The following year Waritay transferred to West Texas A&M University for a semester, before going to South Plains College, where she is today, but Waritay says each time she switched schools, she made sure to let the committee president know.
Still waiting, she says when she was able to talk to Johnson her responses just weren't adding up. "She said that the sponsors never paid their money so we couldn't have it, and then she was saying that I didn't give her my schedule and I gave her two copies and those were really the only two excuses she made," said Waritay.
But when we went to interview Johnson neither of those reasons were mentioned. "As far as we knew the scholarship has been provided so there was nothing else to do on our end," said Johnson.
Johnson had a prepared statement to release, and wasn't willing to comment on many questions. She did say that the recipient claimed that she did not receive the scholarship in January of 2009, so therefore the committee is investigating this claim along with the partnering institution.
Johnson explained that when a winning contestant decides to attend a partnering institute, it is the responsibility of the college or university to pay the scholarship. "It is under investigation and once it has been proven whether or not from our partnering institution that this scholarship was received or not, we have no further comments on the issue," said Johnson.

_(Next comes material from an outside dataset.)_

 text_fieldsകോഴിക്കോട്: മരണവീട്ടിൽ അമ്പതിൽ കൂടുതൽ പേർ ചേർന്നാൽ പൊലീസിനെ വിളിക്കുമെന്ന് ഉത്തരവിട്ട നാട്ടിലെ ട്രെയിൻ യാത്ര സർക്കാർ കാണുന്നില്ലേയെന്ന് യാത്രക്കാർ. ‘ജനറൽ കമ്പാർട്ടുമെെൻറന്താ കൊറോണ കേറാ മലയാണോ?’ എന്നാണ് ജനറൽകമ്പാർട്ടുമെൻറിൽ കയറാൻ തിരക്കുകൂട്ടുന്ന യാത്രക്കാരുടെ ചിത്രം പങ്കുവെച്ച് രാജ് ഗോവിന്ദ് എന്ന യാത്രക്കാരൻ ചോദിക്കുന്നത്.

But that was still more than a year ago, when asked if Johnson has contacted the institute to find how why it has taken more then a year she said, "Of course, I have."

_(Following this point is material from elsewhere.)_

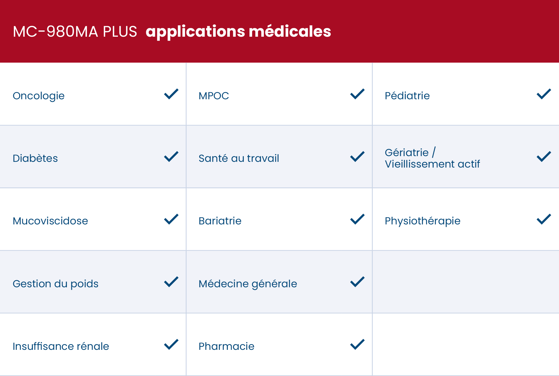 Le MC-980MA PLUS est l'ultime analyseur de composition de la santé et de la condition physique. Il a été conçu pour améliorer la prestation de services des professionnels de la santé. Technologie japonaise très avancée, mais extrêmement agréable à utiliser. Un exemple, le MC-980MA PLUS dispose d'un écran tactile extra large et le logiciel intégré est disponible en 14 langues.

When asked what their response was she said, "I can't give you their response, I can't speak for them.
And as Waritay will start another college semester this fall, she says she will continue to wait for her prize. "I really don't expect to see it, I hope to see it, but my expectations have really gone down," said Waritay.
Johnson did tell us that if the investigation proves that the scholarship was never given, then the Juneteenth committee does have the funds to pay the scholarship, if there is proof of enrollment.
While she did not reveal the name of the institute involved, we contacted Texas Tech who did release this statement to us:
"We were prepared to apply the scholarship for the fall 2009 semester, but the student did not enroll. We cannot award scholarships to people that are not enrolled as students at the university."
Now according to the Juneteenth Committee rules, you are allowed to attend any college or university of your choice, and be able receive the scholarship. Depending on whether on the college or university is a partnering institute, will decide who funds the scholarship.